- Abbreviation: COEX, EGY
- Leader: Miklós Duray
- Founded: 1990
- Dissolved: 18 March 1998
- Merged into: Party of the Hungarian Coalition
- Membership (1997): 6,000
- Ideology: Minority politics Hungarian nationalism
- Political position: Centre-left
- International affiliation: Liberal International
- Colours: Green

= Coexistence (political party) =

Coexistence (Spolužitie, Együttélés, Wspólnota, Soužití) was a political party in Czechoslovakia and Slovakia between 1990 and 1998. Although largely a Hungarian minority party, its membership also included Germans, Poles, Ruthenians and Ukrainians. Their Czech sister party still exists.

==History==
The party was established in February 1990 by Miklós Duray, and allied with the Hungarian Christian Democratic Movement to take part in the general elections that year. In the elections to the Czechoslovak Federal Assembly the two parties won five seats in the Chamber of the People and seven in the Chamber of the Nations.
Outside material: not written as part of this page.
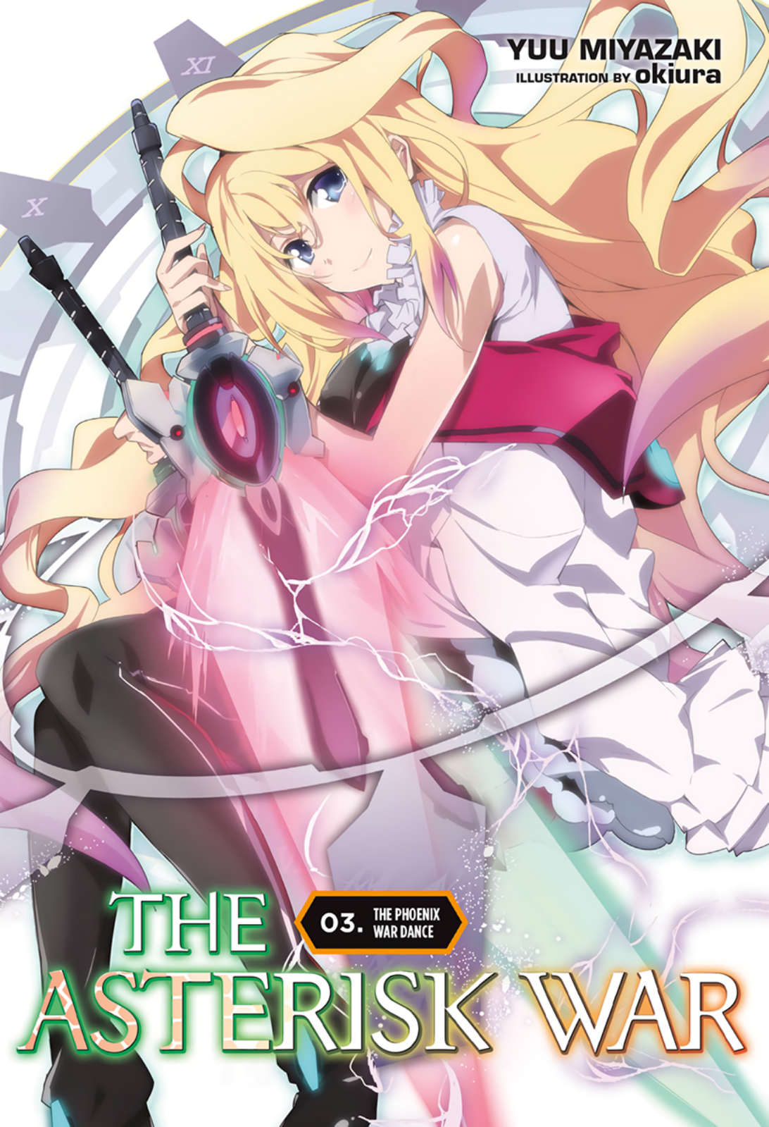
ILLUSTRATION BY okiura

In the elections to the National Council of Slovakia the alliance won 14 seats.

The parties maintained their alliance for the 1992 elections, maintaining the same number of seats in the Federal Assembly and the Slovak National Council.

In 1994 Coexistence allied with the Hungarian Christian Democratic Movement and the Hungarian Civic Party to form the Hungarian Coalition. In the elections that year the alliance won seventeen seats (nine of which were Coexistence members), making it the third largest party in the National Council. The three parties officially merged into the Party of the Hungarian Coalition on 18 March 1998.